There has been no agreement between the territorial model that has been put on the table Ander Gilformer president of the Senate for the Socialist party (PSOE) and the one they have defended, each one has its nuances and degrees, Carme Forcadellformer president of Parliament of Catalonia by Republican Left (ERC); Oskar Matutedeputy of EH Bildu either Ana Pontonnational spokesperson for Galician Nationalist Bloc (BNG). The debate took place at an event organized by the Public Space Foundation and Public at the Caixaforum headquarters in Madrid.
The models have collided, but no sparks have flown. Unlike the usual fight in parliamentary debates, the dialogue table – from which he was absent at the last minute Gerardo Pisarello (Comuns) for personal reasons – has given the four speakers the opportunity to confront each other in peace.
Virginia Perez Alonsodirector of Publichas opened the discussion by establishing a general framework. He has spoken of the difficulty of facing a constructive debate on the territorial model with the right front oppositionof the differences in social services in the different territories, of the impossibility of converting the Senate in a truly territorial Chamber or the expired financing model. She and the president of the Espacio Público Foundation, Ignacio Murohave agreed that the current territorial model “fails to cover the needs of the territories“.
And it is an extreme on which all the invited political figures have converged. Not so much, however, in the solutions. Ander Gil He began by saying that “the State of Autonomies has been worth it” and that it was not an easy task to create it. “A house was built with the inhabitants inside and that is very difficult.” In any case, the former president of the Senate makes a “positive evaluation” of the current model, although it recognizes that it needs some adjustments.
However, Gil considers that these adjustments must involve accentuating and improving the “co-governance“. No further.
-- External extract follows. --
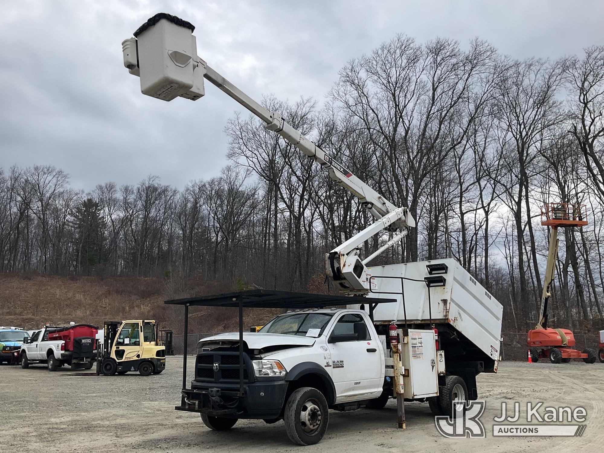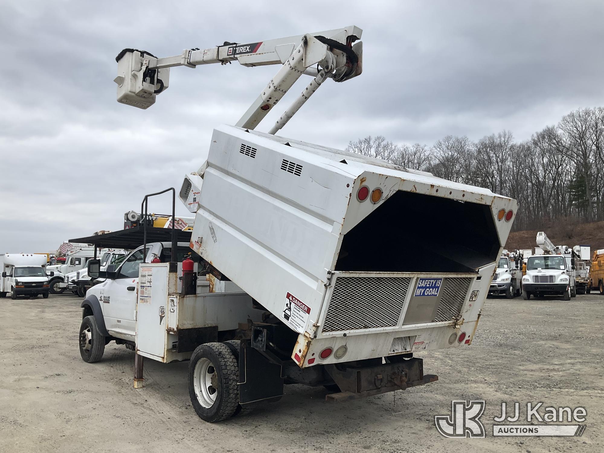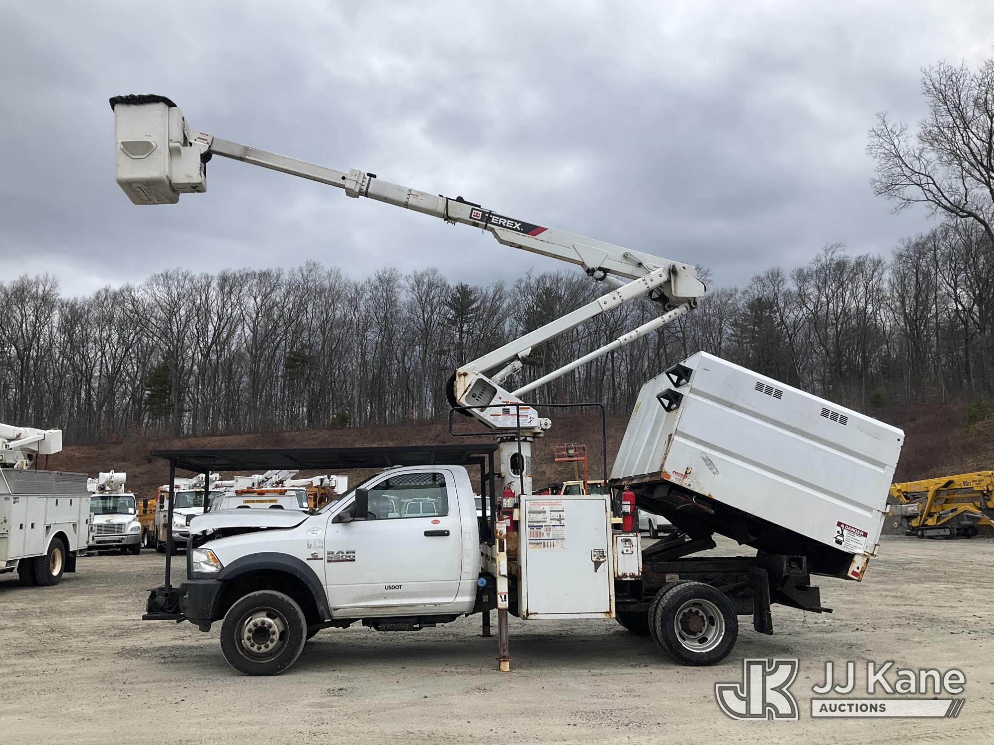 Terex LT40, 45 ft, Articulating & Telescopic Bucket Truck s/n 2171262450, with single-man bucket, mounted behind cab on 2018 RAM 5500 Regular Cab 4WD DRW Cummins 6.7L 4WD, diesel, Auto, A/C, (98,728 miles) (Runs, Moves & Upper Operates) (Multiple Lights On Dash, Battery/Charging System Issues, Seller States: Electrical Codes, Oil Pan Needs Repair) (Reads 7,035 hours) This is a Titled Item*
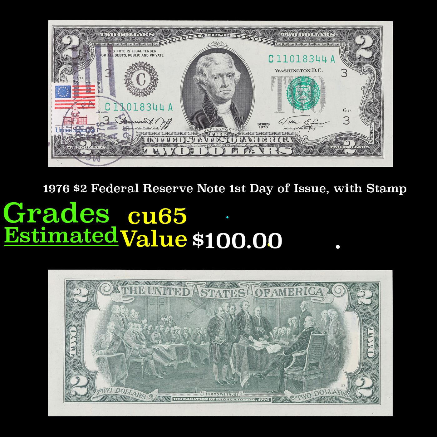 1976 $2 Federal Reserve Note 1st Day of Issue, with Stamp Grades Gem CU

In addition, he stressed that a large-caliber change would have to be made “with the help of the People’s Party“. It is something that the rest of the speakers have not even remotely agreed with.
Ana Ponton He wanted to make it clear that this co-governance model has never been useful to Galicia. He has insisted that the Galician problems do not reach Madrid and that “the Spanish State has to recognize what its reality is: multicultural, plurilingual and plurinational“. Furthermore, he has emphasized that, first of all, “all political actors must recognize that there are nations [dentro del Estado] that they have the right to their sovereignty is accepted“. “The logical thing,” he said, “is that there is a recognition confederal” for a reality that is not “subordinated to a central power.”
In his turn, Oskar Matute has gone further. “We want a free and sovereign Basque confederal republic.” With it, the deputy continued abertzale“it will be easier to make transformative policies.” Their party – which they want to be understood as a “party-movement” – works to “generate the conditions in Euskal Herria for a new national transformation to take place” and aspire, first, to full sovereignty and then to independence. At this point, he has acknowledged that the difficulties are many – in light of the Catalan case – but he has decided that they are willing to follow the path. A path, he explained, that “cannot come from Congress, but has to come from the Basque people.”
Carme Forcadellwho began speaking in Catalan to show that the Spanish State has never valued the Catalan language, was very harsh in her intervention. “We have not been allowed to live with our Catalanness,” he stated. Afterwards, he recounted one by one the most decisive events in the relationship between Catalonia and Spain in recent years.
It began with the promise of a Statute “that respects the Parliament’s decision” – a desire that Forcadell considers buried first by the pact between Zapatero and Artur Mas and, later, by the cuts to the Constitutional Court – and it has ended with the victory of Salvador Illa in the last elections. He wanted to explain, thus, that the fit of Catalonia into Spain is not possible and he has pointed out the failure of the Statute as one of the sparks that ended up lighting the processes.
DANA and decentralization
In such dramatic moments as those the country is going through, with the DANA tragedy in full force, the speakers have discussed, in theoretical terms, what should have been andThe role of the State in this disaster. The one who has been clearest on this issue has been Matute. When asked whether the central government should have declared the state of alarm or have taken the reins of management in some other way, as parties have requested since United Left either Canuntil the PPthe deputy abertzale has positioned itself totally against it, since it would have been a symptom of recentralization. He also stressed that Mazón had and has the tools to maintain competencies and lead said management.
There has been a quorum, in any case, in which the problem is that both the system and the political leaders from the Valencian Country failed.
However, the debate State and sovereignties It has ended without an agreement, but with an exchange of ideas. Gil has defended winning in “co-governance” as a future objective, while the other three speakers will work to get more sovereignty. This is, there is no doubt about it, one of the structural discussions of the Spanish State. Ana Pontón has pointed out that the territorial question has been going through Spanish politics for some time. 200 years: “When a debate is so persistent it is because there is a reality behind it.”